STYLES AND RATES OF QUATERNARY DEFORMATION IN THE SAN LUIS AREA, EASTERN DIABLO RANGE, CALIFORNIA
The Ortigalita fault, the tectonic contact between the Franciscan Complex core of the Diablo Range and the Great Valley Sequence at the eastern margin, consists of a 40-km-long northern and a 60-km-long southern segment, separated at San Luis Reservoir by a 5-km-wide, right-stepping, pull-apart basin. Paleoseismic studies on the northern segment in the Cottonwood Arm of San Luis Reservoir in 1999 documented right-lateral offset of a late Pleistocene channel deposit by about 16 m. Although a numerical age for the channel deposits was not obtained, a horizontal slip rate of 1-3 mm/yr for this segment is suggested. At this latitude (37.2°N), and only 10 km to the east, the Coast Range-Great Valley (CR-GV) boundary is marked by the 21-km-long, west-dipping Quinto thrust. Uplift rates of about 0.1 mm/yr and a dip of 35° indicate a slip rate < 0.25 mm/yr.

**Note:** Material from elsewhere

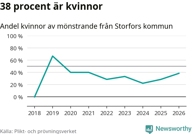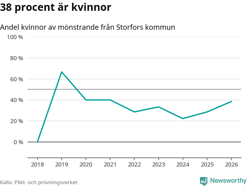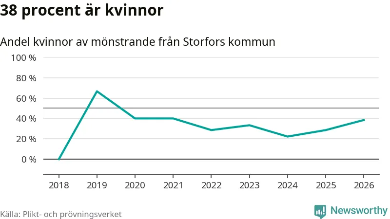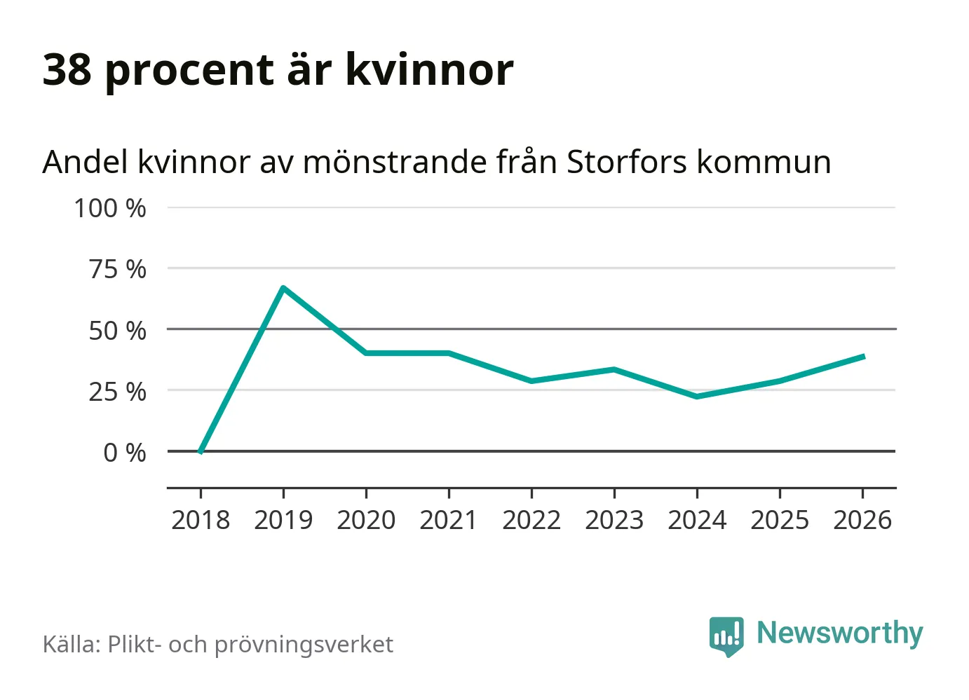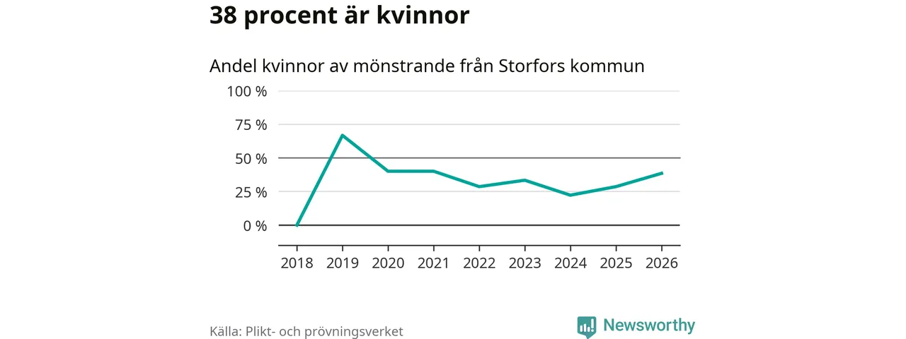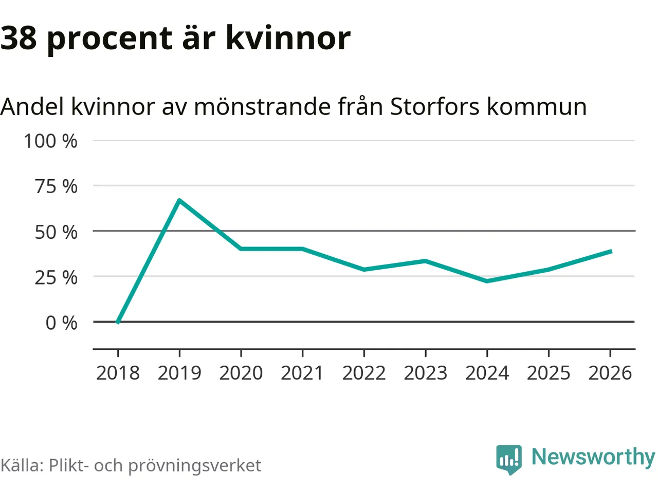 Fem av de som kallats till mönstring från Storfors är kvinnor, vilket motsvarar 38 procent av de mönstrande. I absoluta tal är det fler kvinnor än något år sedan värnplikten återinfördes, men 2019 var en större andel av de mönstrande från kommunen kvinnor (67 procent). I riket som helhet är 28 procent av de mönstrande tjejer.

Definitive evidence of recurrent Holocene has not been documented for the southern segment of the Ortigalita fault but we surmise a late Quaternary slip rate of about 0.5 mm/yr. Conversely, at this latitude (36.7°N) the CR-GV boundary is marked by the 37-km-long Laguna Seca thrust. Uplift rates of 0.3-0.6 mm/yr and a dip of 25-30° indicate a late Quaternary slip rate of 0.6-1.2 mm/yr for this structure. The abrupt changes in rates and styles of deformation in the eastern Diablo Range appear to be due to both inherited crustal structure and small changes in structural orientation with respect to the current stress field.